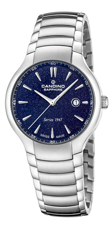 Женские кварцевые часы Candino — это сочетание элегантности и швейцарского качества. Корпус диаметром 34 мм и толщиной 8,6 мм выполнен из нержавеющей стали 316L. Циферблат синего цвета оформлен индексами, придающими изделию изысканность. Окошко даты расположено в положении 3 часов. Циферблат защищён сапфировым стеклом, устойчивым к царапинам. Механизм — кварцевый, произведённый в Швейцарии. Часы оснащены стальным браслетом на застёжке «бабочка» с кнопками. Водонепроницаемость 100 м позволяет использовать часы для плавания и повседневного ношения.
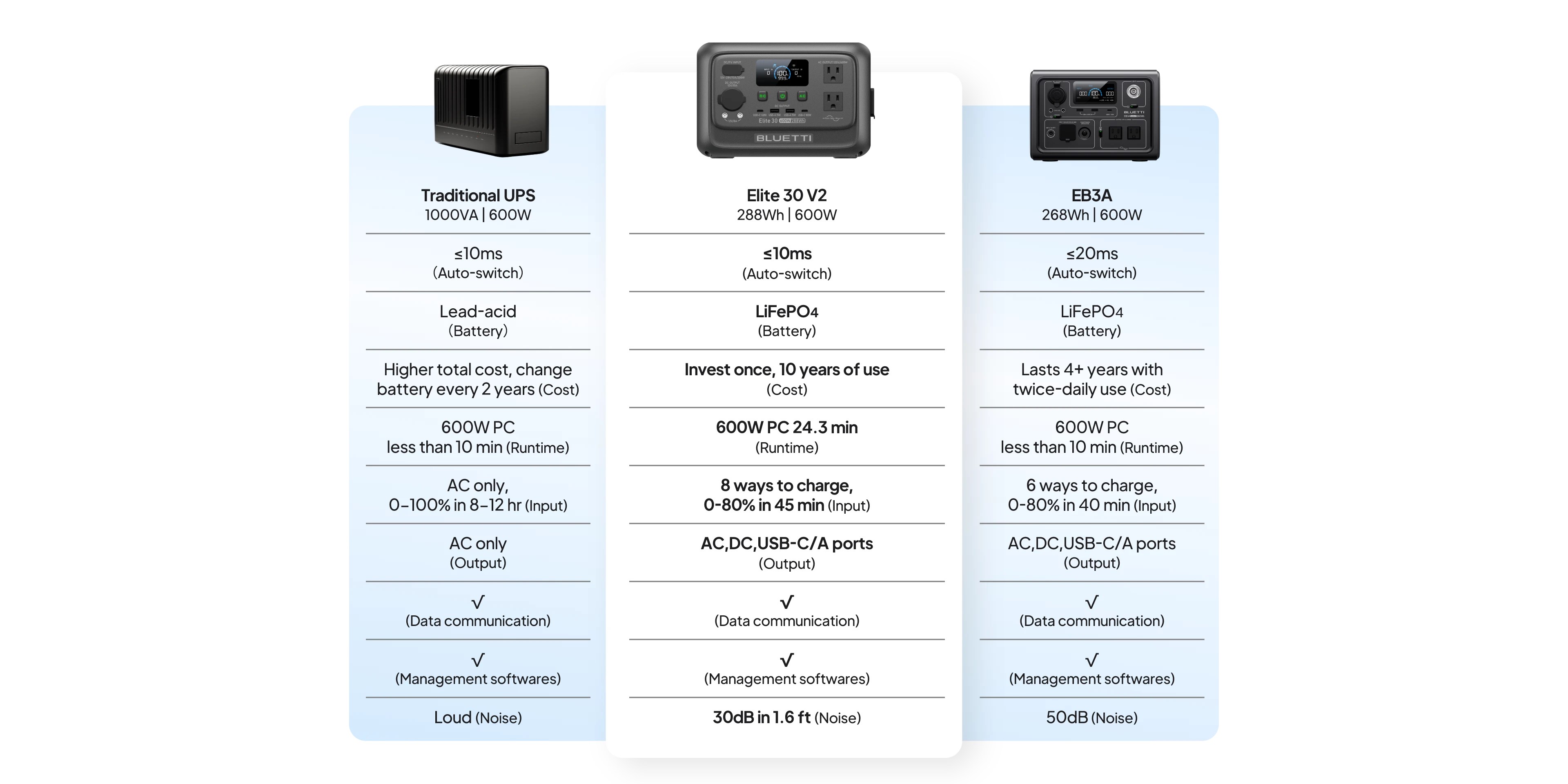 The Elite 30 V2 gives you 9 output ports and a reliable 600W continuous supply—perfect for running multiple small devices at once. Elite 30 V2 also features a USB-C port with PD 3.1 protocol, delivering up to 140W output—enough to rapidly charge high-performance laptops like MacBook Pro."
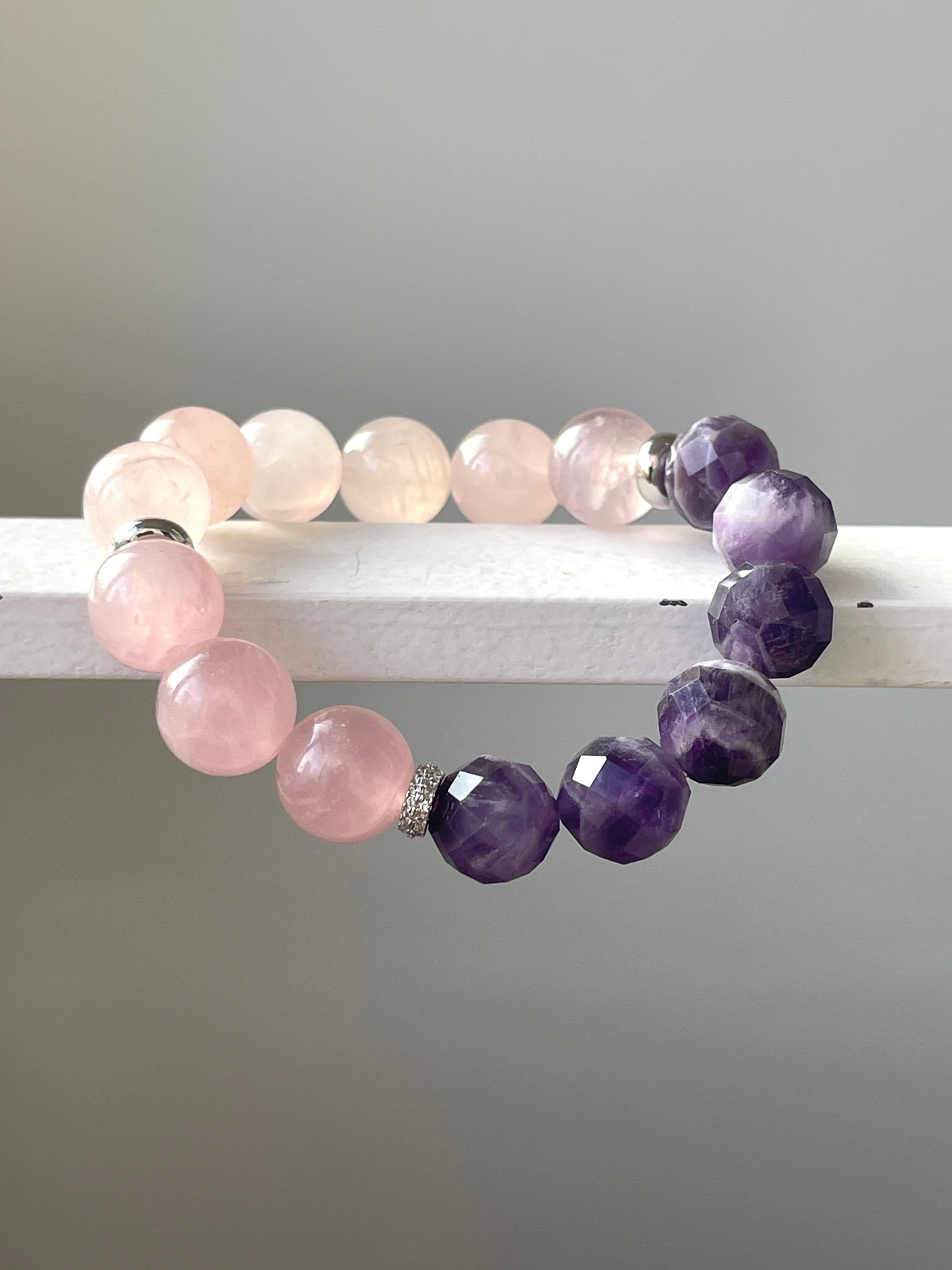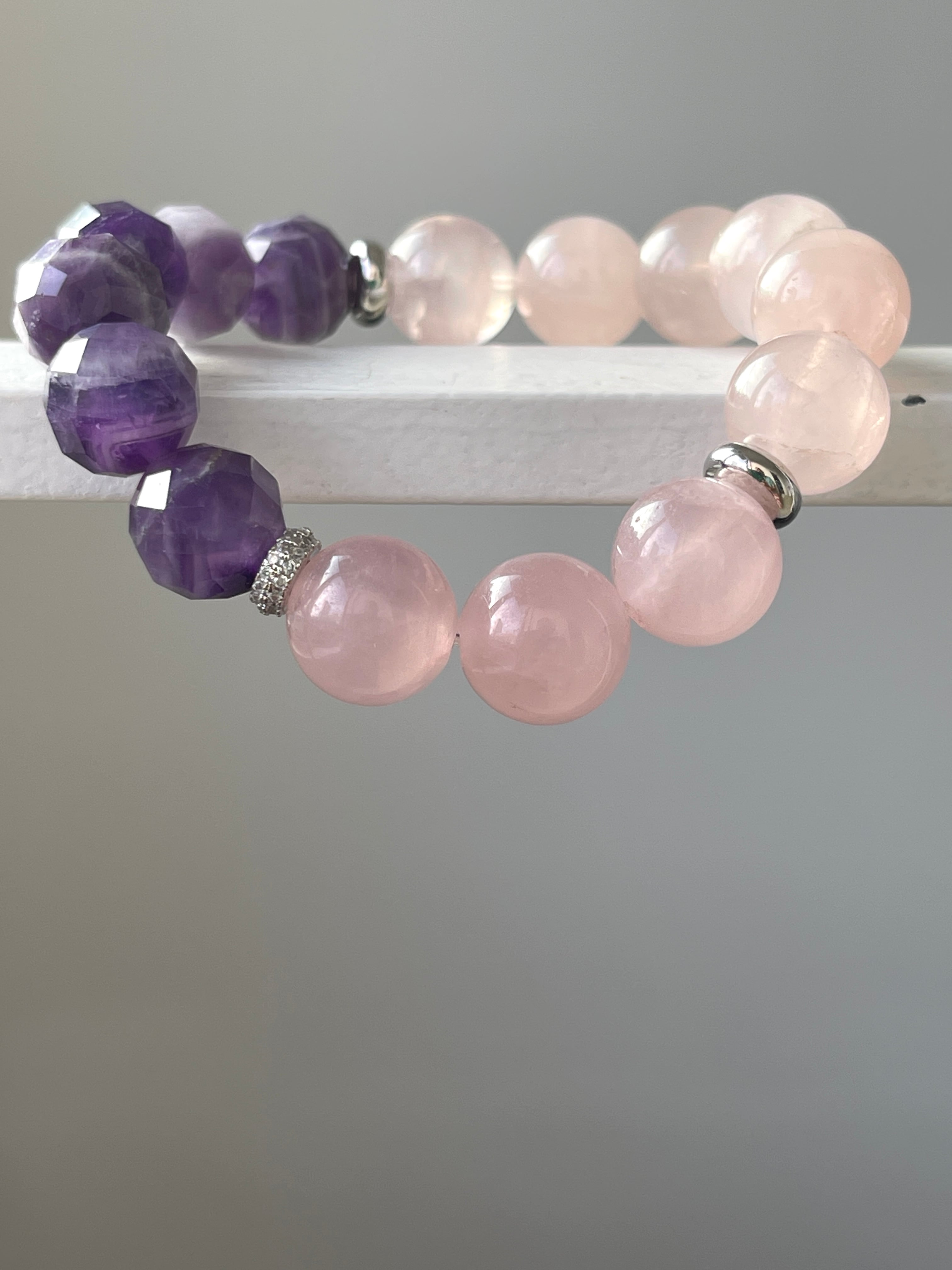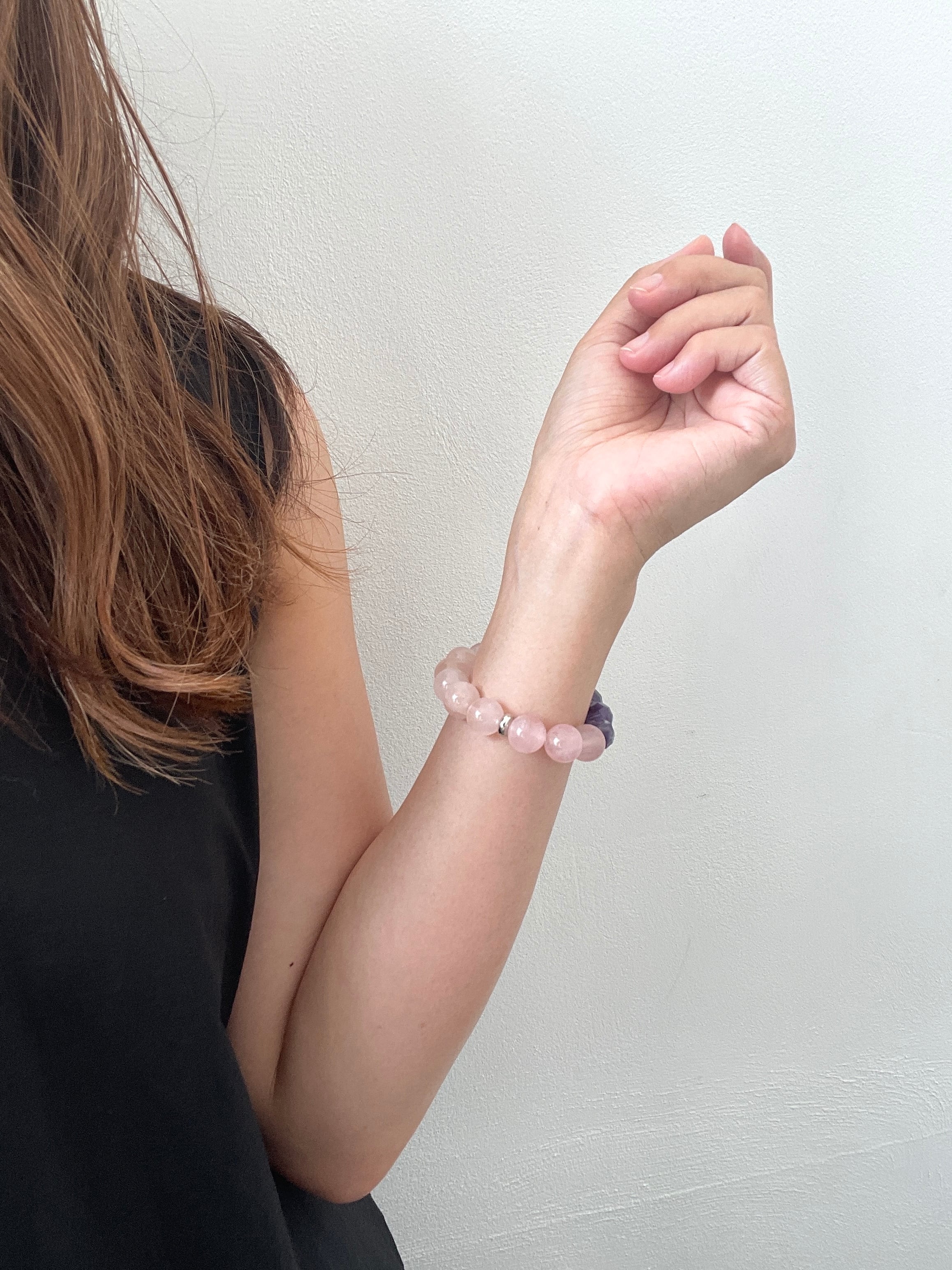 ― 愛のローズクォーツと癒しのアメジストが調和した、女性性を高めるブレスレット

______

An unaltered copy of the material, without images, should be set down.

 Женские кварцевые часы Candino — это сочетание элегантности и швейцарского качества. Корпус диаметром 34 мм и толщиной 8,6 мм выполнен из нержавеющей стали 316L. Циферблат синего цвета оформлен индексами, придающими изделию изысканность. Окошко даты расположено в положении 3 часов. Циферблат защищён сапфировым стеклом, устойчивым к царапинам. Механизм — кварцевый, произведённый в Швейцарии. Часы оснащены стальным браслетом на застёжке «бабочка» с кнопками. Водонепроницаемость 100 м позволяет использовать часы для плавания и повседневного ношения.
 The Elite 30 V2 gives you 9 output ports and a reliable 600W continuous supply—perfect for running multiple small devices at once. Elite 30 V2 also features a USB-C port with PD 3.1 protocol, delivering up to 140W output—enough to rapidly charge high-performance laptops like MacBook Pro."
 ― 愛のローズクォーツと癒しのアメジストが調和した、女性性を高めるブレスレット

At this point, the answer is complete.